The step in question is the Centre’s decision to slash corporate taxes in September 2019.
In a bid to improve overall economic growth in the country, the Union Government had announced a hefty reduction in corporate tax rates from 30 per cent to 22 per cent.
Taking into account all surcharges and cesses, the effective corporate tax rate accordingly came down to 25.2 per cent, provided that firms did not avail of any other tax incentives or benefits.
“Indian corporates were shielded from the pandemic by the rationalisation in conduct of business that focused on cost saving and a corporate tax rate cut in September 2019,” the RBI said in its Annual Report for 2021-22.
“This tax cut was in league with other countries as observed across the Organisation for Economic Cooperation and Development (OECD) countries.”

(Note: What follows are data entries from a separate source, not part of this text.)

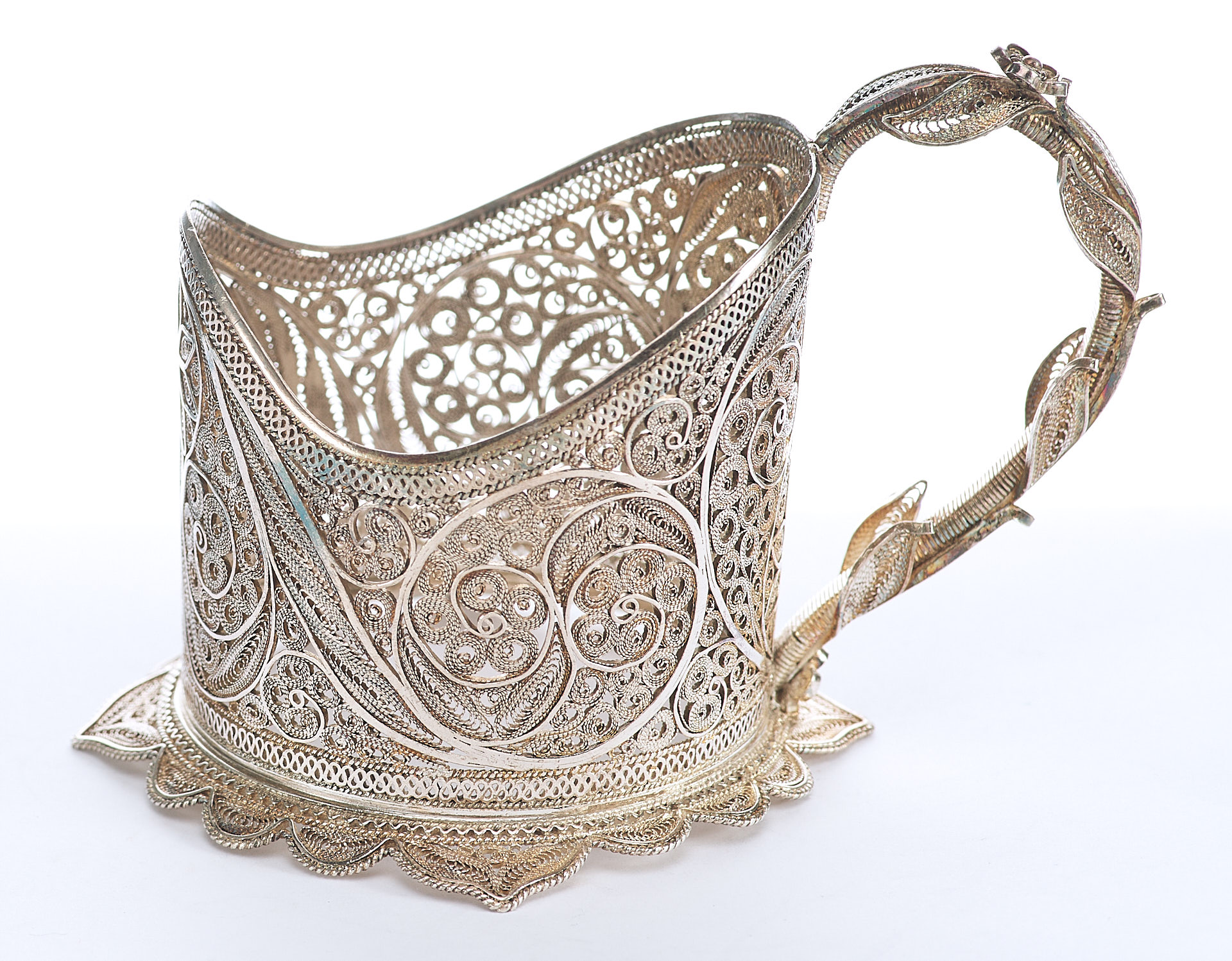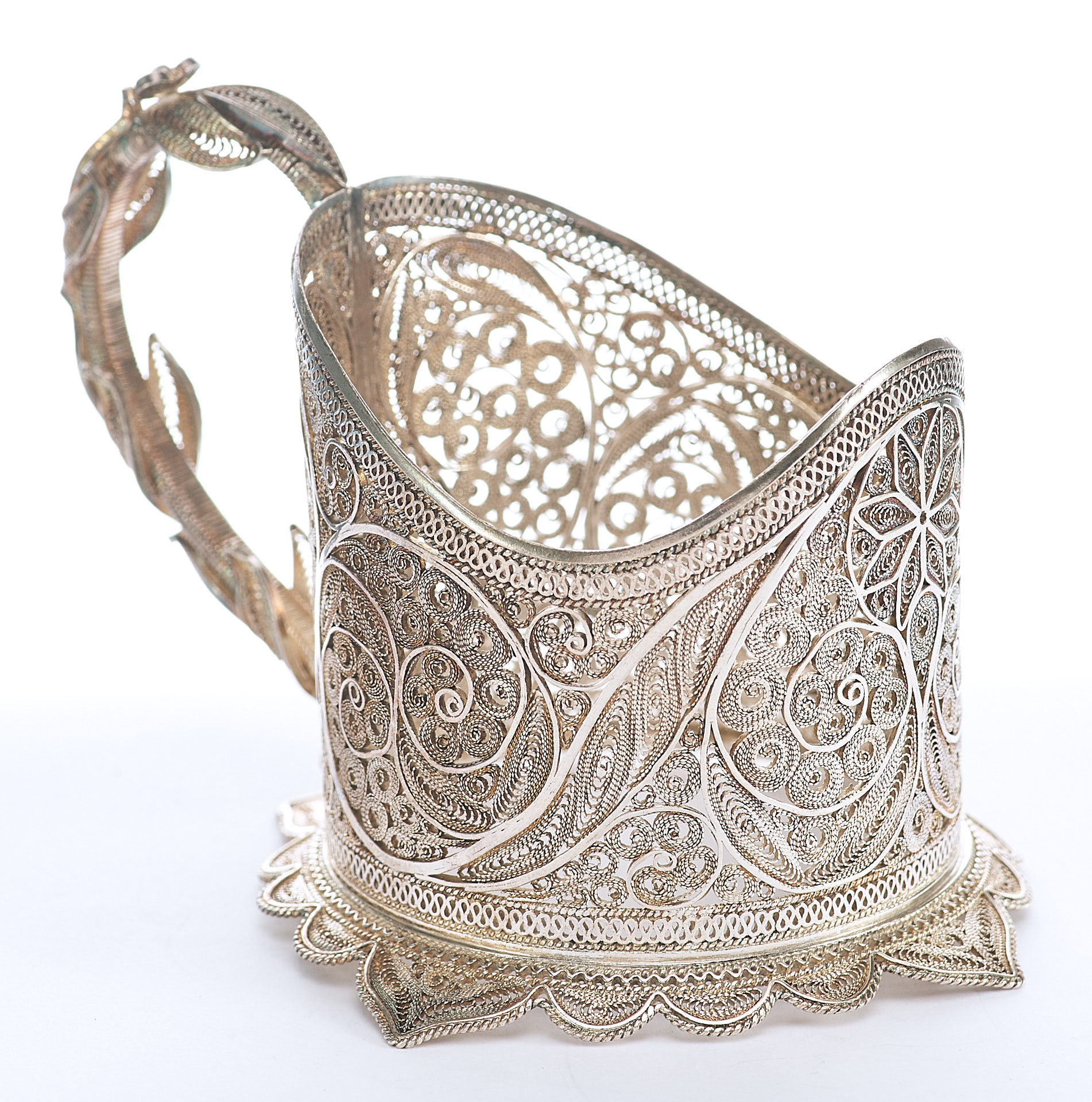 Представлены два парных серебряных подстаканника, которые выполнены в технике кружевного сканного орнамента.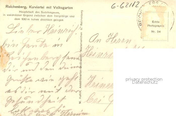 old postcard Reichenberg Liberec Boehmen Kurviertel Volksgarten postalisch gelaufen Erhaltung siehe scans [PaolaD17]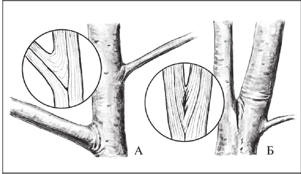 А – при достаточно большом угле отхождения слои древесины не имеют разрывов, прочность крепления отличная; Б – при слишком остром угле отхождения слои древесины не срастаются: они разделены отмершей корой, остающейся в пазухе угла; отлом в большинстве случаев неизбежен.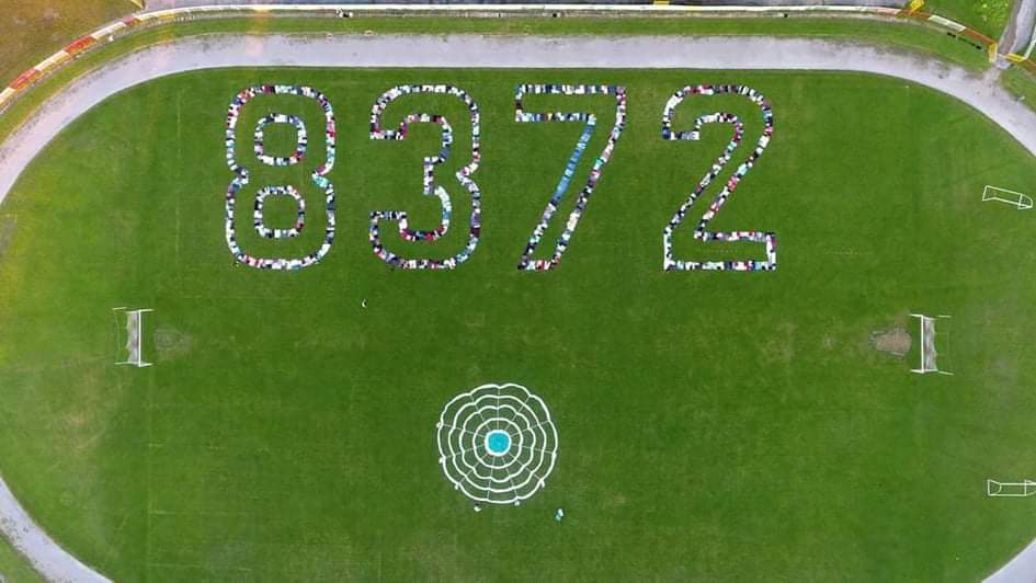 „Bili smo u dilemi kako da ove godine organizujemo performans. Na kraju je jedan od naših članova došao na ideju da umjesto ljudi koji formiraju broj postavimo odjevne predmete, kao simbol onoga što ostaje iza čovjeka. Postavili smo preko tri hiljade odjevnih predmeta da bi formirali broj 8372 koji oslikava broj ubijenih u genocidu u Srebrenici.“ – istakao je Muslić.

Prior to the tax reduction, the effective rate for the Indian manufacturing sector was at 27.8 per cent, while that for the non-manufacturing sector was higher at 30.5 per cent on an average, constraining the competitiveness of domestic exports, the RBI’s report said.
Apart from the decision to slash the corporate tax rate from 30 per cent, the effective tax rate for new manufacturing companies would stand at 17 per cent, increasing the incentives for fresh investment, the report said.
“A difference-in-difference (DID) panel regression to assess the differential impact of the tax rate cut attempts to test the hypothesis that firms in sectors which benefited from the tax rate cut in terms of lower effective corporate tax rate (ETR) registered higher net profit margin (NPM) during the post-tax cut period than in the pre-tax cut period,” the report said.
The cut in the corporate tax rate would only increase the profit after tax, with the profit before depreciation, interest and tax remaining unchanged, the report said,
As the effective tax rate at a company level was not directly available, the same was computed for each firm as the ratio of corporate tax paid to total fixable income, the RBI said in the report.
“Net profit margin (NPM) turns out to be significantly higher for firms in the treatment group in both manufacturing and non-manufacturing sectors,” the report said.
“Net profit margin improves significantly in the post-tax cut period. Furthermore, the impact of the tax rate cut on profitability is stronger for the non-manufacturing sector than for the manufacturing sector.”